The problem: The answer must consist solely of the lines below starting at the one containing "กูเวาเจ็ดดาว" and ending at the one containing "Рыбаки мало слышали", repeated exactly, with both ends included and all pictures omitted.

Material shown:

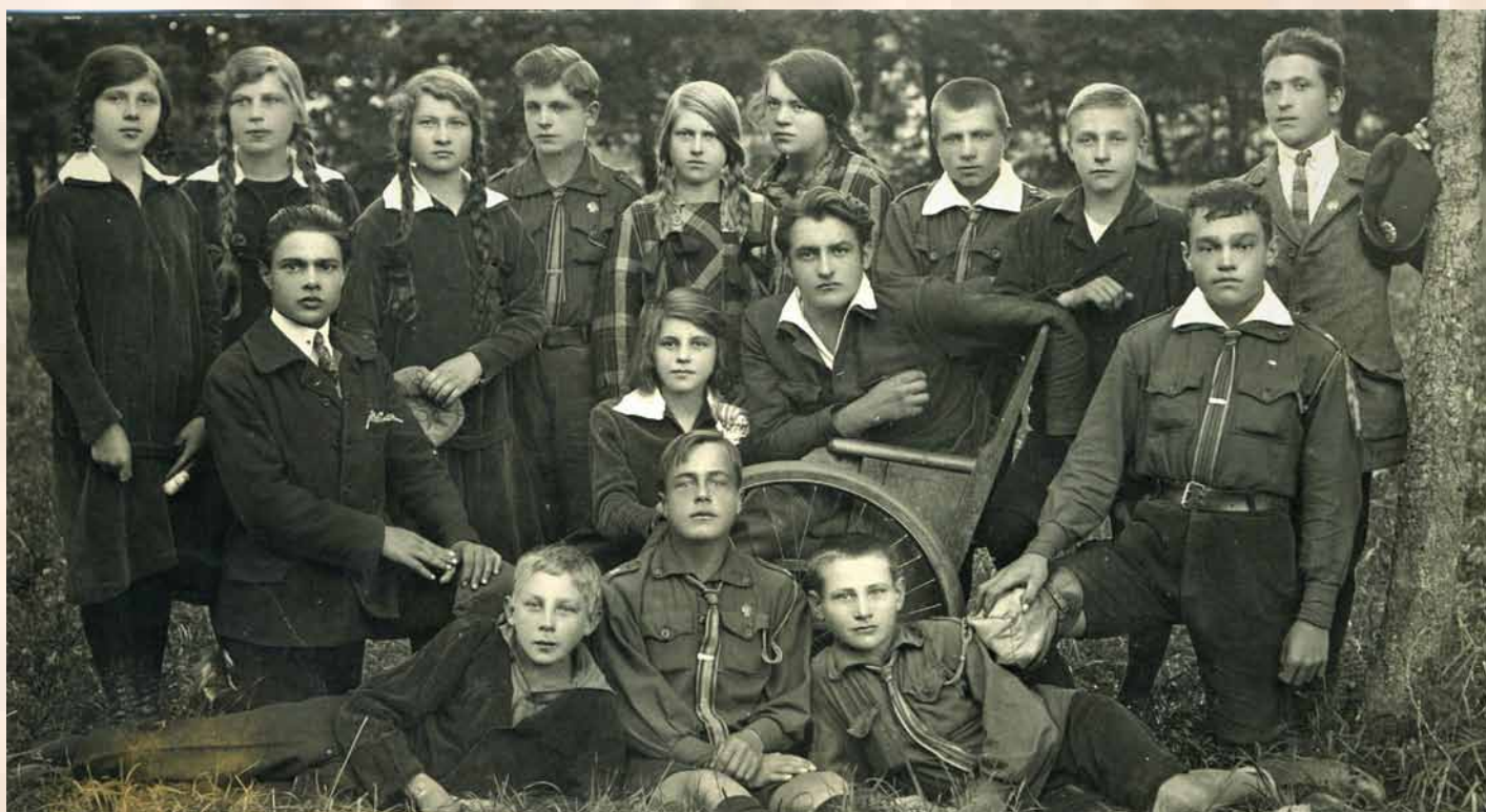
Wśród uczniów Seminarium Nauczycielskiego w Świsłoczy
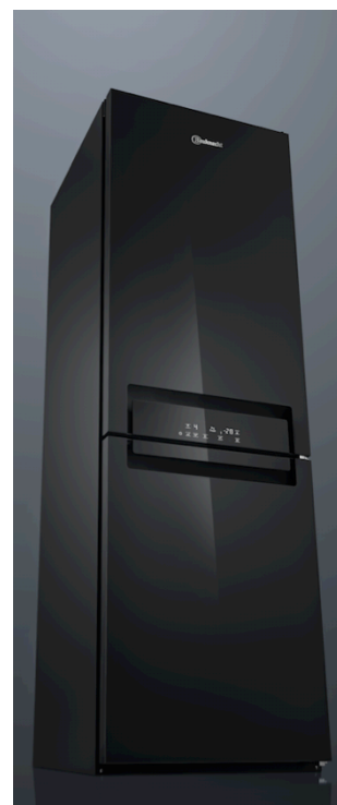
Starker Auftritt auf der IFA: Ultimate NoFrost mit Connectivity

Die Innenraumbeleuchtung sorgt für eine absolut gleichmäßige Lichtverteilung – LEDs leuchten nicht nur von oben, sondern auch von den Seiten und der Rückwand des Kühlschranks. Dieses sogenannte „Theatre Light“ schafft den optimalen Überblick, auch wenn der Kühlschrank voll beladen ist. LEDs brauchen zudem deutlich weniger Strom als herkömmliche Glühbirnen, erzeugen keine Wärme und halten bis zu zehn Mal länger.
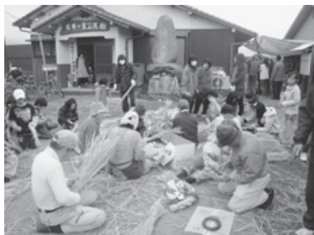
冬「交流しめ縄作り」

また、世代間交流イベントを継続して行うことで、地域の絆も回を重ねることに深まっています。そして、もう一つの取り
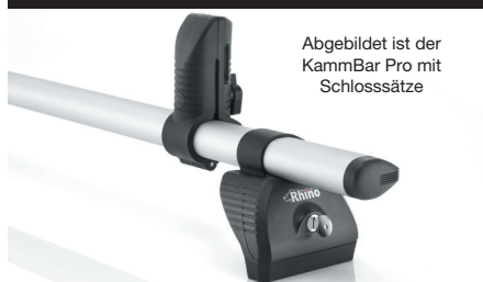
Abgebildet ist der KammBar Pro mit Schlosssätze

Schlosssätze können als zusätzlicher Diebstahlschutz separat erworben werden.
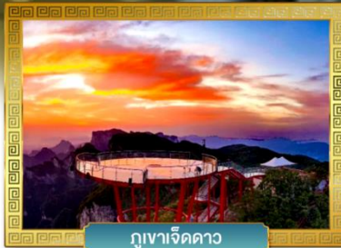
กูเวาเจ็ดดาว
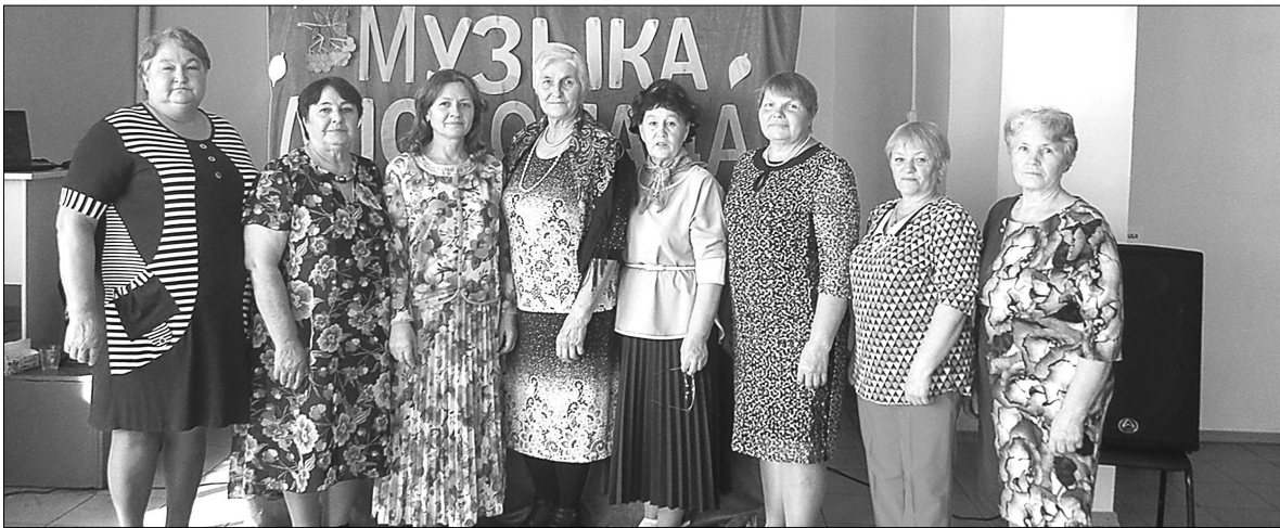
Черемшанские пенсионеры на мероприятии в доме культуры получили заряд хорошего настроения
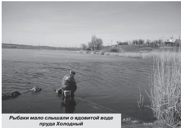
Рыбаки мало слышали о ядовитой воде пруда Холодный

Почему за столько лет в Алмазной нет массового экологического общественного движения? Ведь вы пьете «мертвую воду», едите отравленные овощи, ловите ядовитую рыбу! Почему не настаиваете на том, чтобы экологические сборы, которые платят местные предприятия, шли на решение местных экологических проблем, а не в Киев? Почему вы смиренно принимаете самые ошибочные решения местной власти, которые задевают не только ваше здоровье, но и наносят вам прямой материальный ущерб, заставляя уезжать и распродавать свои дома и дачи за копейки? А ведь могло быть иначе: те же нынешние киевляне, луганчане, москвичи, у которых родители остались в Алмазной, могли бы вкладывать свои заработанные деньги в строительство дач и домов. Чтобы внуки алмазянцев отдыхали
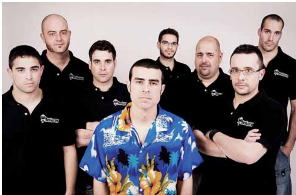
El grup amerenc de 'ska' Deskarats
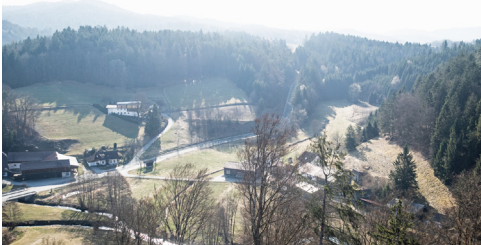
Aussicht von Burg Ranfels

Mit einer Geschichte, die bis ins 12. Jahrhundert zurückreicht, bietet diese Anlage einen Einblick in die Kulturlandschaft, die von der Burgherrschaft geprägt wurde. Erbaut wahrscheinlich von den Grafen von Formbach oder den Grafen von Neuburg, wurde die Burg Ranfels im Laufe der Jahrhunderte von verschiedenen Adelsfamilien besessen. Heute sind noch das Torgebäude und angrenzende Wohnbauten erhalten und der idyllische Burggarten im Innenhof ist frei zugänglich. Die ehemalige Schlosskapelle, dient bis heute als Pfarrkirche. Neben den erhaltenen Gebäudeteilen gibt es auch die Wunderkammer. Hier finden immer wieder Ausstellungen statt. Weitere Informationen findet man unter www.burg-ranfels.de Ein Rundweg um die Burg- und Kirchenanlage Ranfels führt entlang eines schmalen, jedoch gut gesicherten Steigs mit beeindruckenden Felsen und bietet atemberaubende Aussichten. Der Weg führt zurück zum Ausgangspunkt, wo man ins Innere der Burganlage gelangt. Der Weg kann durch Moos und feuchte Steine glatt werden.

Expected answer:
กูเวาเจ็ดดาว
Черемшанские пенсионеры на мероприятии в доме культуры получили заряд хорошего настроения
Рыбаки мало слышали о ядовитой воде пруда Холодный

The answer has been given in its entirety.